Open edbennett opened 2 years ago
Yes, that is definitely something we need. Question is: Do we consider this as pure csv manipulation, i.e. do we just want to do parser.remove_columns(content: str, columns: Iterable[str]) -> str
to be written back to a csv file, or do we need to be able to write a consistent csv from a parsed pd.DataFrame
, i.e. parser.write_csv(parser.parse_questions(content))
or the like.
The latter would be nice but is not essential; if we're not pursuing development long-term then I'd go with the former.
The former probably doesn't even need a wrapper, or at least not as part of the parser.
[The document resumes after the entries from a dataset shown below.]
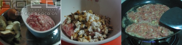 以前做的肉饼都是蒸出来的,煎肉饼还真是头一次,而且中间的步骤有些还错过了,只好临场发挥喽 材料:肉馅3元,马蹄5颗,香菇3朵,姜末 调料:生粉,生抽,鸡粉; 马蹄,香菇切碎,姜切末放进肉馅,依次加入生抽,生粉,鸡粉,顺时针方向搅匀(如果不同的方向搅,肉比较散) 调味后将肉饼压成块,锅里加油,油热后放肉饼两面煎.
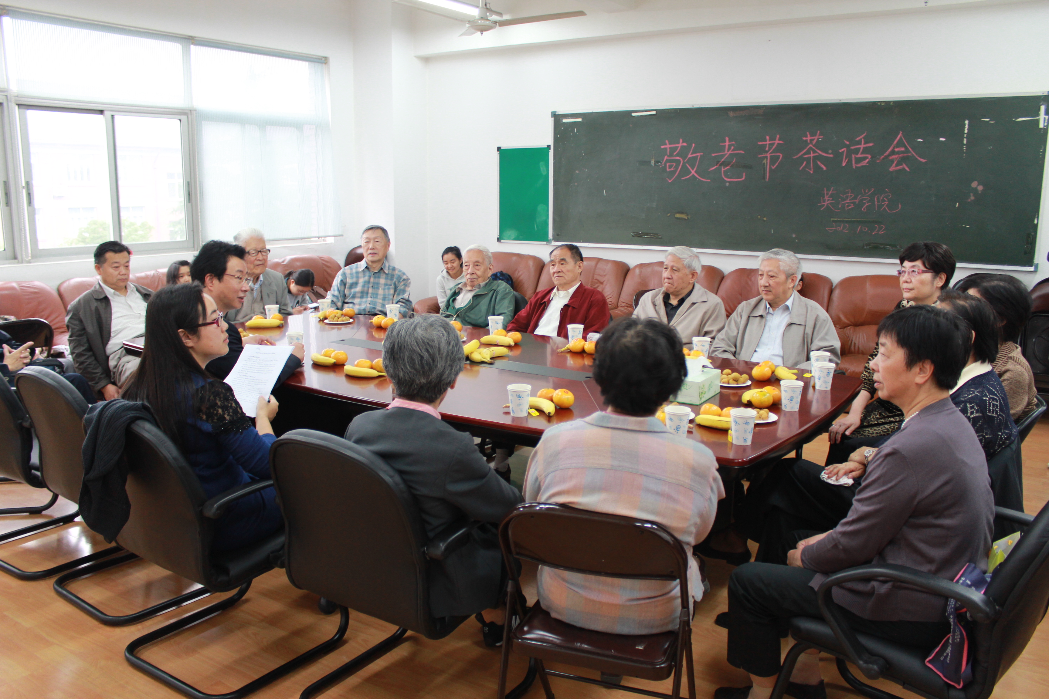 20121022日,英语学院在虹口校区会议室举办了敬老节活动。学院24位离退休教师、学院党政领导及部分教师学生代表参加了活动。
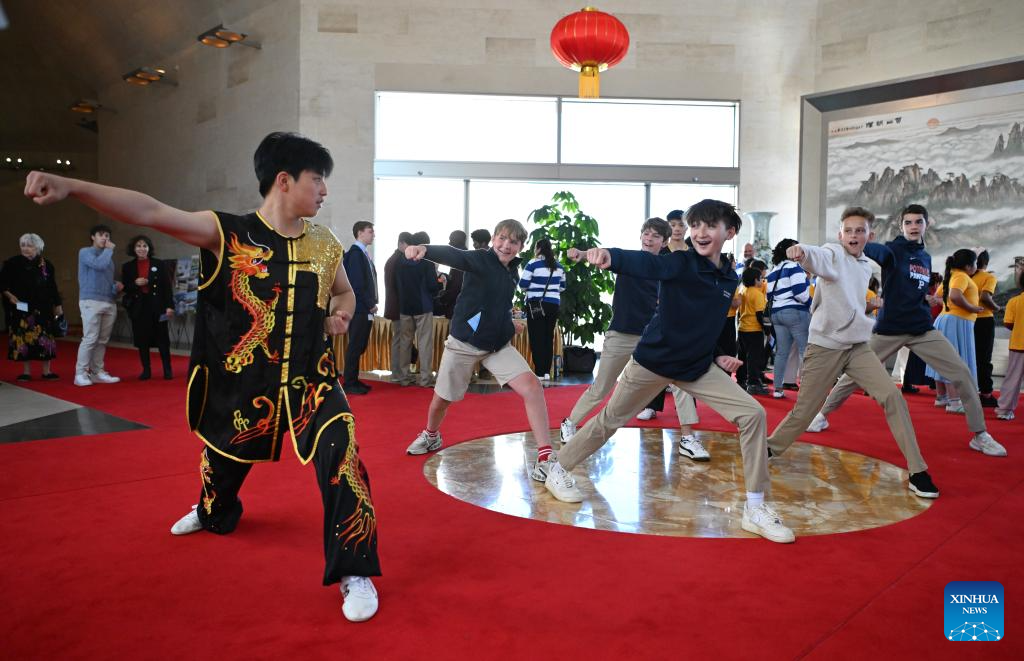 An actor from China guides American students to perform Chinese martial arts in celebration of the International Chinese Language Day at the Chinese Embassy in Washington, D.C., the United States, April 21, 2026. (Xinhua/Li Rui)
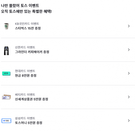 KB±¹¹ÎÄ«µå 2Á¾·ùÀÇ Ä«µå¸¦ ¹ß±Þ ÈÄ 10¸¸¿øÀ» »ç¿ëÇÏ¸é ½ºÅ¸¹÷½º ¾Æ¸Þ¸®Ä«³ë¸¦ 15ÀÜÀ», ½ÅÇÑÄ«µå 2Á¾·ù Áß 5¸¸¿ø ÀÌ»ó »ç¿ë½Ã ÇöÀç ¿Â¶óÀÎ ¼îÇθô¿¡¼ 29¸¸¿ø¿¡ ÆÇ¸ÅÇϰí ÀÖ´Â ÀÚÀÏ·º ±Û¶óÀδõ Ä¿ÇǸÞÀÌÄ¿¸¦ ÁõÁ¤ÇÑ´Ù.

Wouldn't it just be something like
parsing_options = {'sep': ';' , ...}
excluded = ['name1', 'name2', ...]
(lambda df: df[[col not in excluded for col in df.columns]])(
pd.read_csv(filename, **parsing_options)
).write_csv(**parsing_options)
Okay. You might want to give it a name. But it should probably just be a free function.
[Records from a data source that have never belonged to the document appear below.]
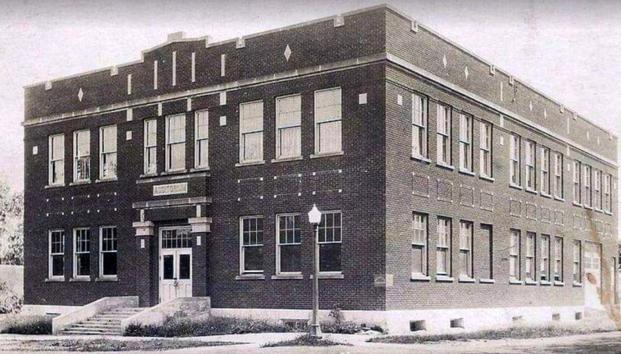 1917 Brick High School | The photo at right shows the brick high school constructed in 1917 to replace the high school destroyed by fire. Enrollment in the 1917-1918 school year totaled 136 high school students and 228 grade school students.The school had an estimated cost of $29,563. Four additions occurred during its 76 plus years of use that ended in 1993 when a new school was constructed on the south side of town.This school building was razed in 1994. (Stouffer 1961, P.11; Cardcow Postcard, Date Unknown)
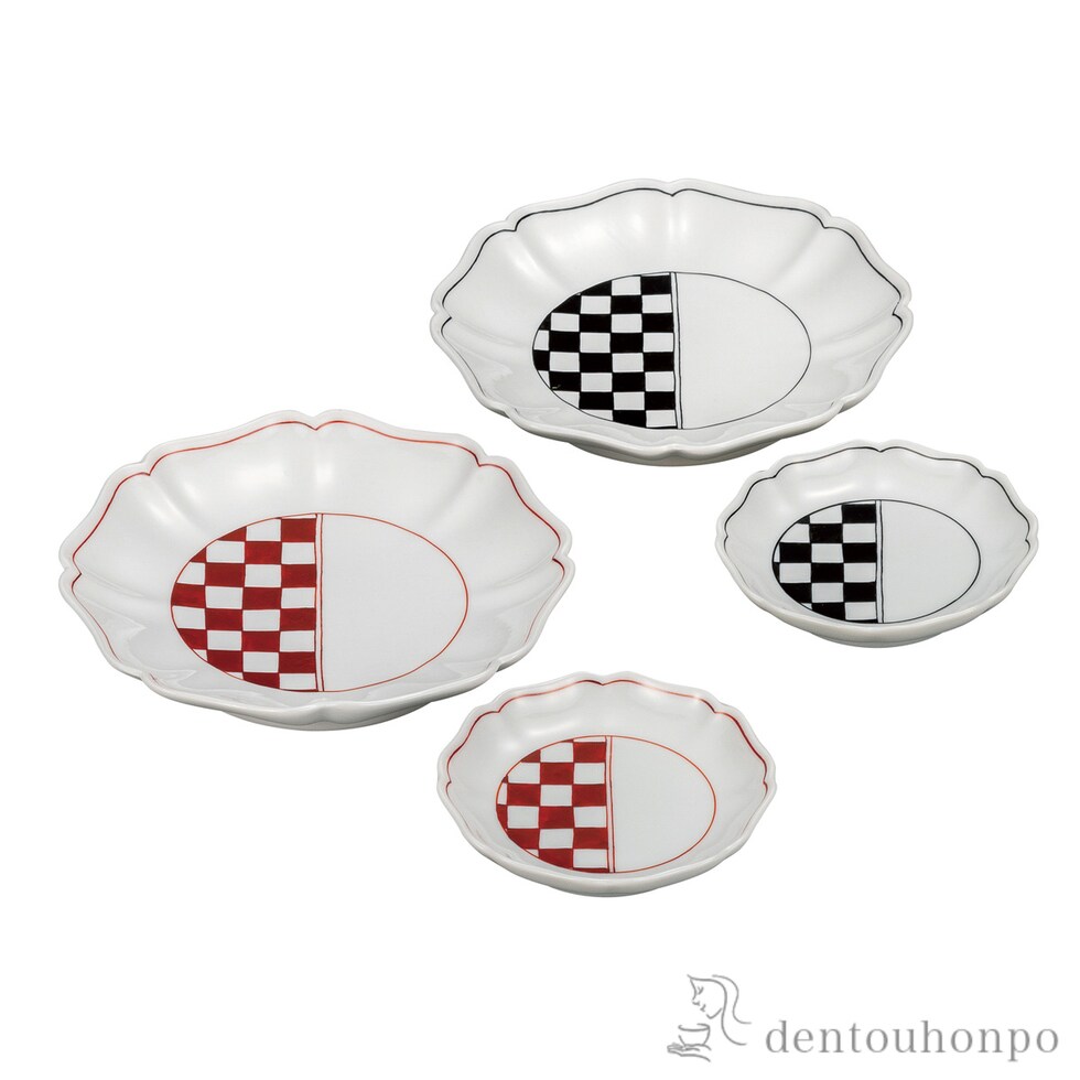 ペア皿 市松文様 5.5号 ( プレート 醤油皿 豆皿 和食 洋食 九谷焼 結婚 出産 内祝い 引き出物 金婚式 誕生日プレゼント 還暦祝い 古希 喜寿 米寿 退職 )
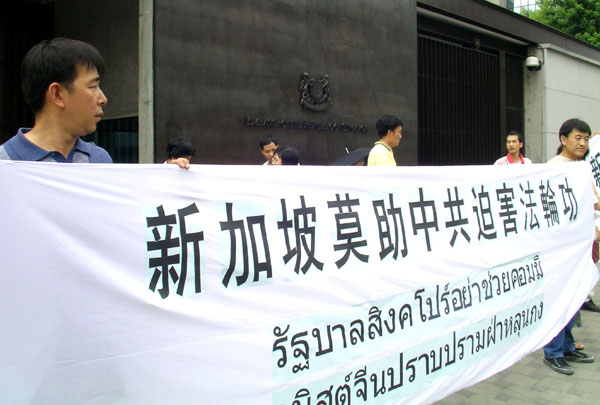 学员在新加坡使馆前打出了“新加坡莫助中共迫害法轮功”、“呼吁新加坡政府撤销对法轮功学员的无理起诉”的横幅,并宣读了公开信。
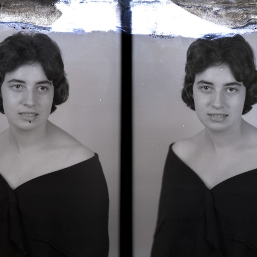 Photo of two separate portrait photographs of the same unidentified young woman with short hair and wearing a photographer's drape.
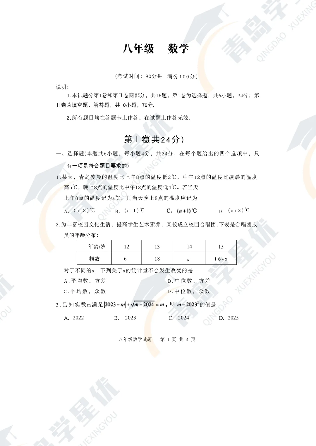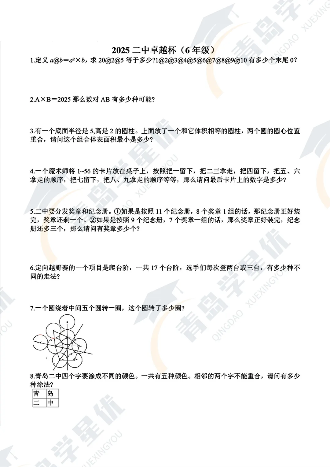本学期给大家汇总了青岛二中卓越杯考试真题,分享给大家👇

Yes, no reason to not be a free function. I guess I was hoping for something that didn't re-read the CSV, but that's not essential.
Worth noting that each question gets multiple columns (including e.g. time spent on the question as well as the response itself)—would be nice to pass a list of questions rather than having to identify all columns associated with each question.
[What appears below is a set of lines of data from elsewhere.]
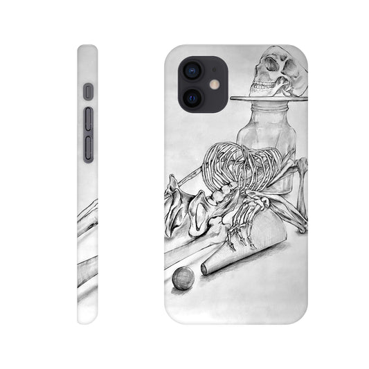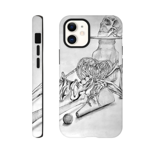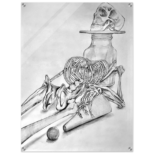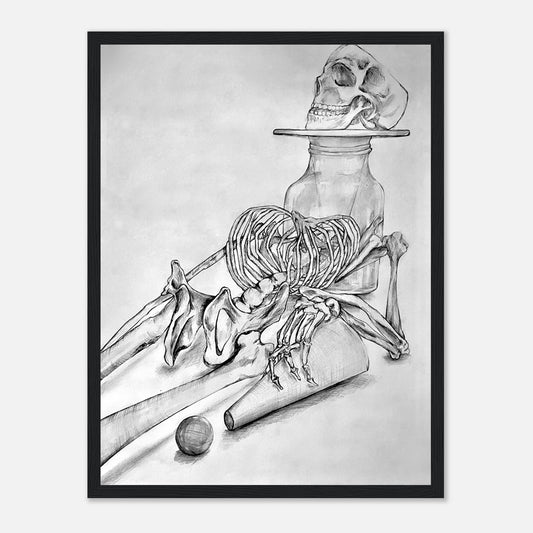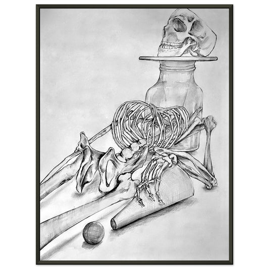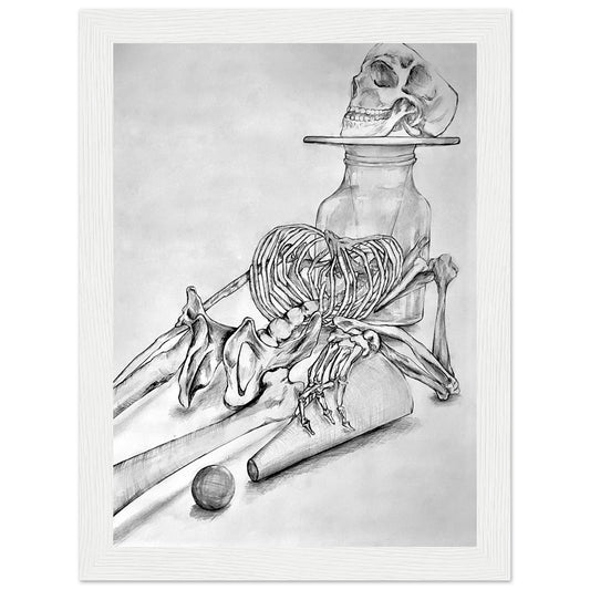 This captivating graphite drawing on paper, titled "Still Death," features a meticulously rendered skeleton in a still life composition. Using a range of graphite tones, from soft grays to deep blacks, the artist expertly plays with highlights and shadows to create a sense of volume and texture. The precise details of the rib cage, skull, and bones are skillfully emphasized, adding a layer of realism while maintaining an air of quiet contemplation. The delicate balance of light and dark evokes a somber yet reflective mood, inviting the viewer to contemplate the passage of time.
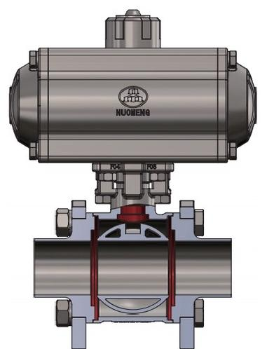 五片式球閥,包括閥體以及驅(qū)動(dòng)閥體轉(zhuǎn)動(dòng)的氣動(dòng)執(zhí)行器,閥體內(nèi)部包括有球體和閥桿,閥體兩側(cè)設(shè)有連接架,
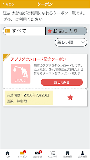 登録した店舗で実施中のキャンペーン情報や各種最新情報をお届けします。
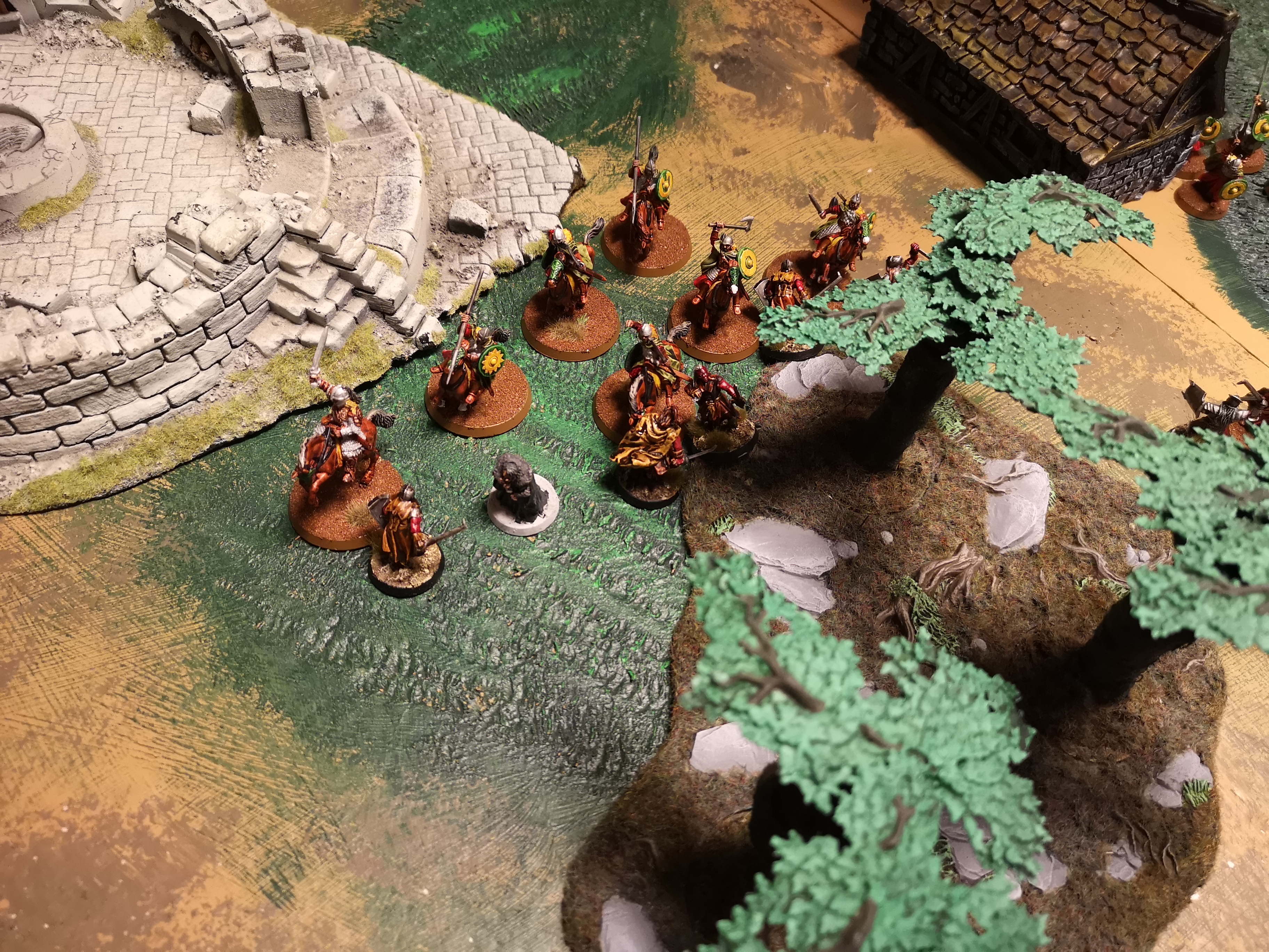 Rohan vs moria. I got so slaughtered. First charge was disaster with lost duel everywhere and 2 dead rohan. Eomer had to spend last might to pull tactical retreat. After regroup and reinforcements did second charge that was about as succesfull as 2nd. With that momentum was too far for moria and with eomer dead fast loss.

Yeah, okay. Then, you would probably want a bit of infrastructure around that. Concerning the csv reads: Do you really think that we could ever get a significant amount of answers for us to note the time difference between 100 and 1000 reads?
Do you really think that we could ever get a significant amount of answers for us to note the time difference between 100 and 1000 reads?
No, it was entirely a matter of elegance.
It would be useful to be able to strip out particular questions from the survey (including both data and metadata about them), and write out a new CSV compatible with the original but with those columns removed.